While the embodiment domain had the poorest ICC in this audio sub-study, it also had the lowest level of interrater agreement during the initial development of the MBI:TAC when evaluators compared rating MBI sessions using video recordings to live observation. 9 Crane et al., 9 found that embodiment was the most challenging domain to articulate and the most open to interpretation.
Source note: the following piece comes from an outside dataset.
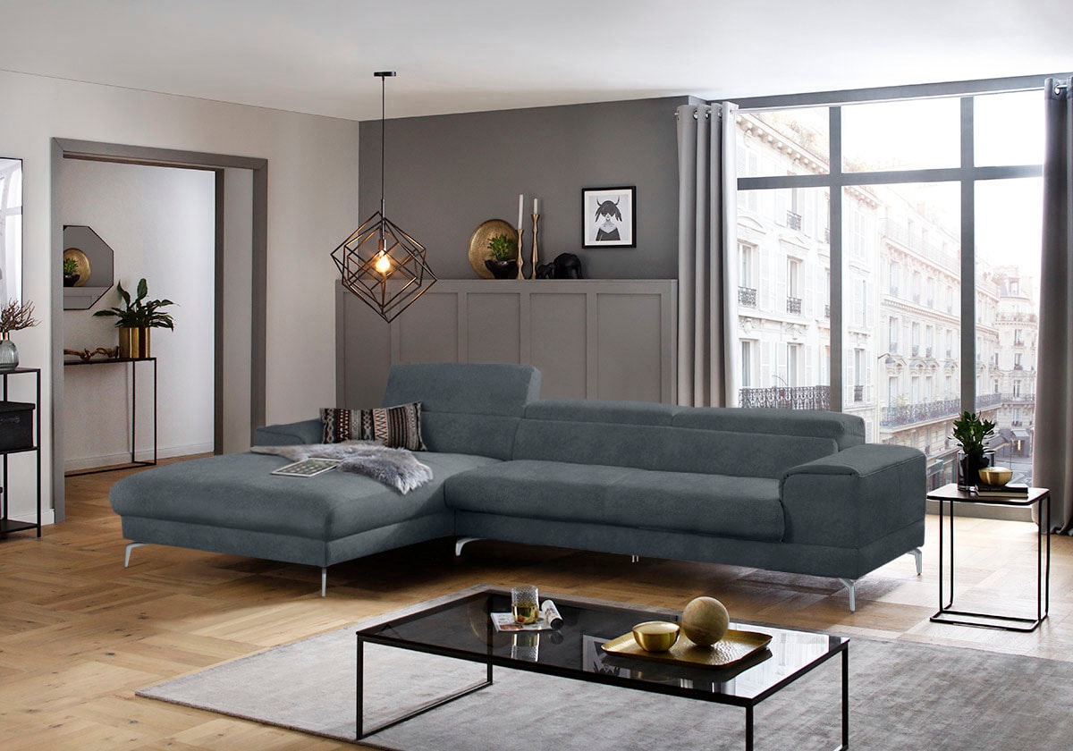 W.SCHILLIG Ecksofa »piedroo, Designsofa mit tollem Sitzkomfort, bequem und elegant, L-Form« Kopfteilverstellung, wahlweise mit Sitztiefenverstellung, Breite 343cm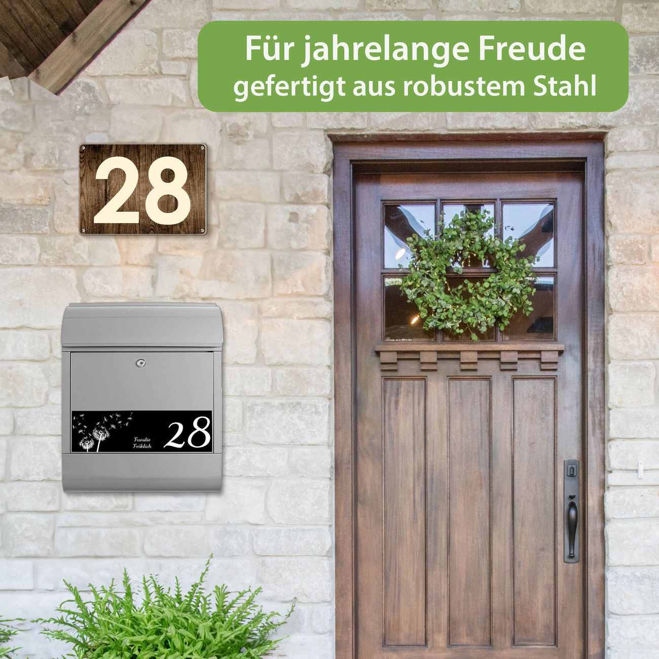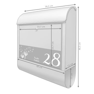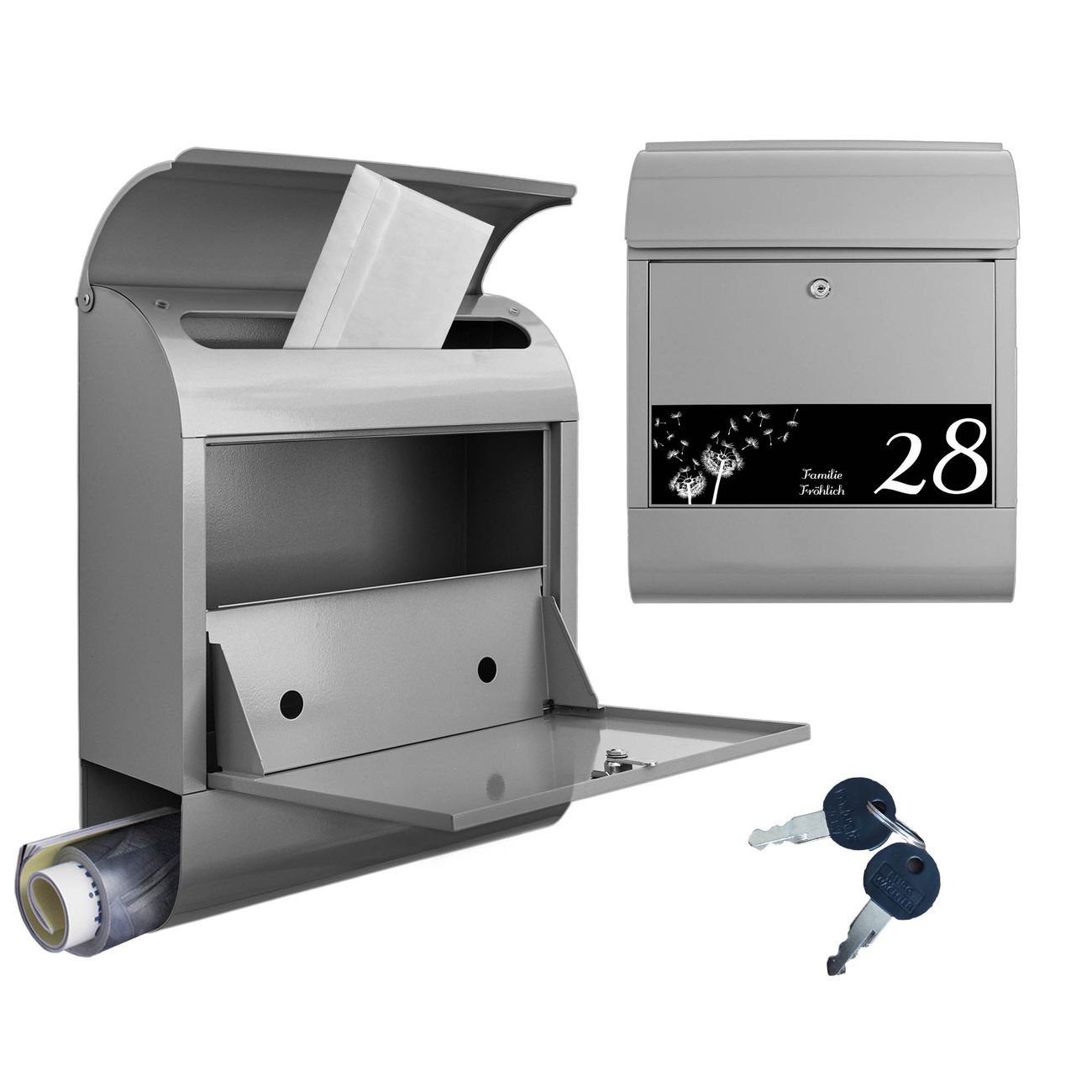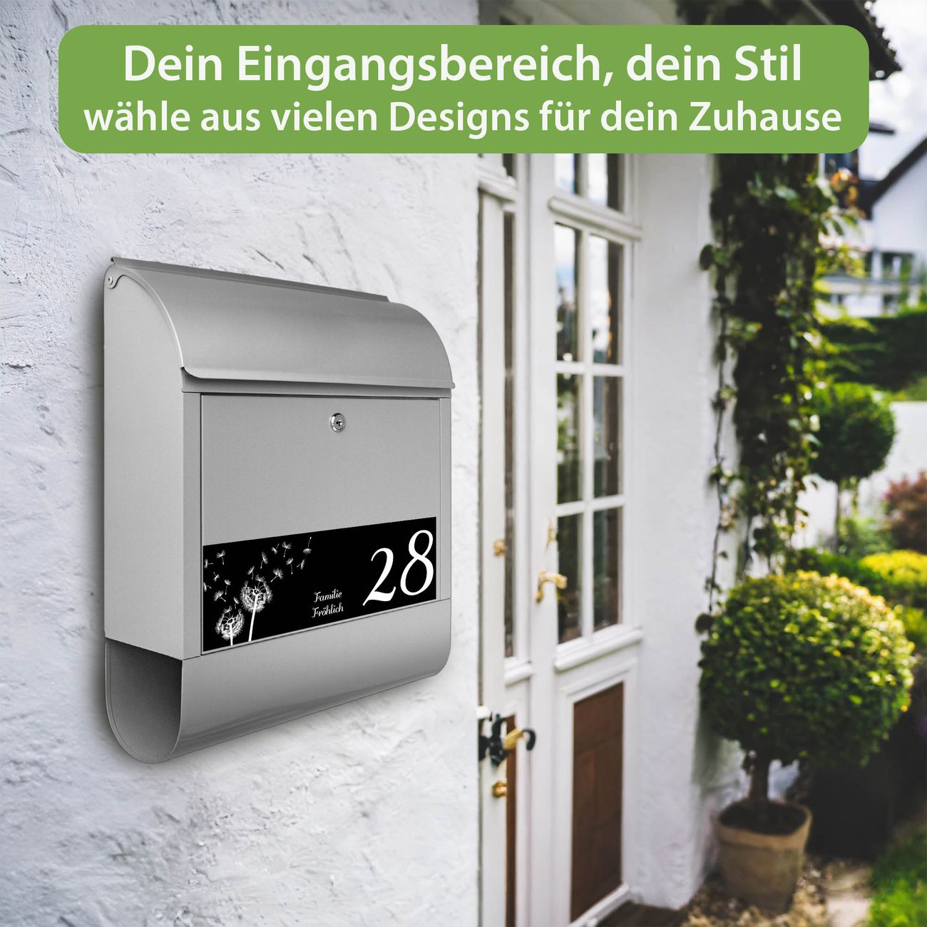 Großer Stahl Briefkasten Motiv Pusteblume SW kompakt

Our findings further support this original finding as the embodiment of mindfulness was the most difficult to rate reliably using the audio-only recording format. However, while the interviewees identified the domains which had the lowest ICCs, such as the embodiment of mindfulness, their order of difficulty was not identical to the ICC findings. For example, the ICC associated with relational skills was much higher than the evaluators hypothesized in the qualitative interviews. This observation highlights the possibility that there may have been sufficient data in the audio recordings to evaluate interpersonal abilities, even if the evaluators found the process more difficult.
In other research that assessed the optimal means of recording medical group sessions for evaluation, there have been variable findings. Some studies have found that the process of rating such sessions is different for certain scales when sessions are recorded using the audio vs video format, while others have not.14-19 Most studies exploring this topic found a non-significant difference in clinical ratings between audio-recorded and video-recorded clinical encounters.16-18 One study even favored the audio-recorded sessions over video, noting that the visual information increased rating time and complexity when assessing communication between oncology patients and their physicians using the Cancode interaction system, 15 and that the intra-rater reliability scores were similar between recording formats. 15 However, among these studies, a few aspects of the patient-provider relationship and communication, namely confrontation among empathic communication 16 and patronizing tone, 18 were rated differently depending on the recording format.
There were several limitations of this study. The MBSR teachers who were evaluated were predominantly rated within the upper 50% competency level. Our data is thus less informative about MBI:TAC assessments of MBI teachers with limited experience. Also, the number of teachers we evaluated was not large. Additional research may help to further define ICC values when using the MBI:TAC with audio recordings.
In summary, results from this pilot project suggest that audio recordings are adequate for research purposes in order to assess MBI teacher competency. Video recording appears to be optimal, when feasible, particularly when using the MBI:TAC for teacher training purposes.